Van Pelt also pointed out there are 750,000 unincorporated and faith-based organizations in Canada; 81,000 non-profit corporations; and over 80,000 registered charities.
“When we think of other pressing problems such as the environment, economic instability, income inequality, law and order, homelessness and so on, charity is often a key, though an unspoken key of the overall picture,” Van Pelt said.
He said a decade-old study showed 18 per cent of adults were responsible for 80 per cent of charitable giving. Of those adults nine per cent contributed 80 per cent of the volunteer hours and only 20 per cent “were responsible for 66 per cent of all civic participation in Canada.”
“It gets gloomier,” he said. “Social scientists Linda Graff and Paul Reed alert us to the fact that people begin to move away from volunteering at about age 55, and the drop in participation increases sharply as people reach their mid to late 60s. Do I even need to say the words ‘baby boomers’ to make my point?"
He said nothing at the moment seems to be on the horizon to change this.
Van Pelt also noted two dominant strains of thought underlie policy choices on the political scene regarding charities.
“On the right, we are dealing with essentially libertarian impulses that are framed by the preoccupations of the individual that it is hard to see charitable institutions as important to community, responsibility, and a sense of social order,” Van Pelt said.
“We witnessed another example of this in the government's recent budget with the crackdown on charities involved in political activity. Of course, we all support proper accountability in anything involving public finances.”
But he said the crackdown has gone far beyond that and instead has framed charitable agencies as abusers of the system.
“This has created a generalized suspicion around the whole concept of charity—that somehow those engaged in charitable activity are ‘getting away with something’ at public expense and at the risk of corrupting the moral health of the country,” Van Pelt said.
“Underlying this is the assumption that it is somehow ‘more conservative’ to regard charities as unnecessary, even parasitic,” he added.
Van Pelt mused the position may be “a reaction to the ethos that has dominated Canadian policy for 40 years, namely that government must do everything.”

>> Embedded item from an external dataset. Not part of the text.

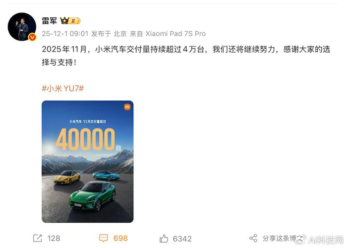 小米汽车:40,000,连续3个月超越蔚来、小鹏。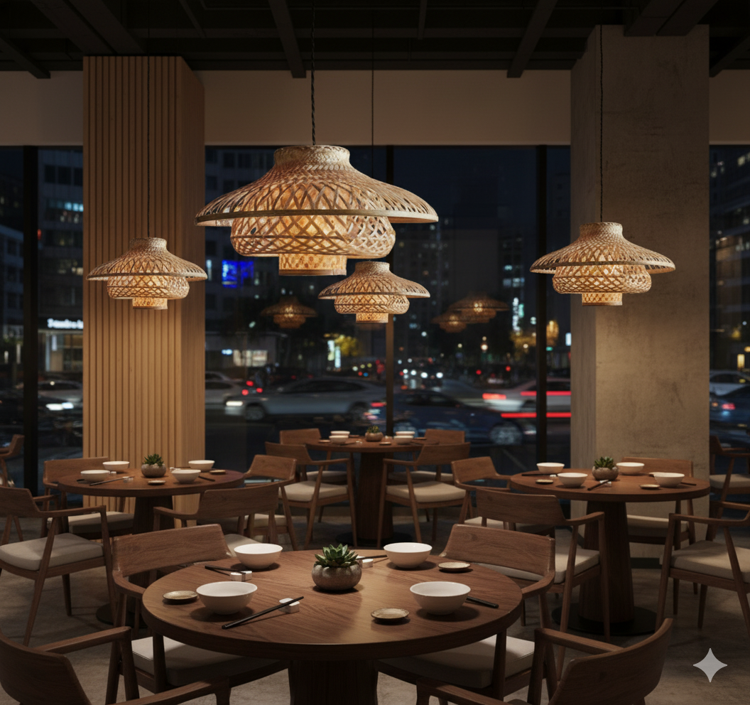 The intricate cross-weaving allows light to pass through beautifully, creating a warm and ambient glow ideal for living rooms, dining areas, cafés, and restaurants. Designed for those who appreciate minimalist yet artistic lighting, this shade enhances any space with its natural charm and timeless texture.

Since the 1960s, “the left's legitimate abhorrence of the cruelties that arose from dividing Canadians in need into the ‘deserving’ and ‘undeserving’ poor morphed into a conviction that only the State could dispense any kind of aid neutrally."
He said charity has became more than a dirty word.
“It became the means by which power and oppression were perpetuated so that any act of giving or benevolence had, as its true intention, the perpetuation of social hierarchy for the giver by inflicting humiliation on the receiver.”
Van Pelt noted the social gospel motivations of the left have withered and charity’s connection with religion has become problematic. Religious talk “can often stop political conversation cold,” he said.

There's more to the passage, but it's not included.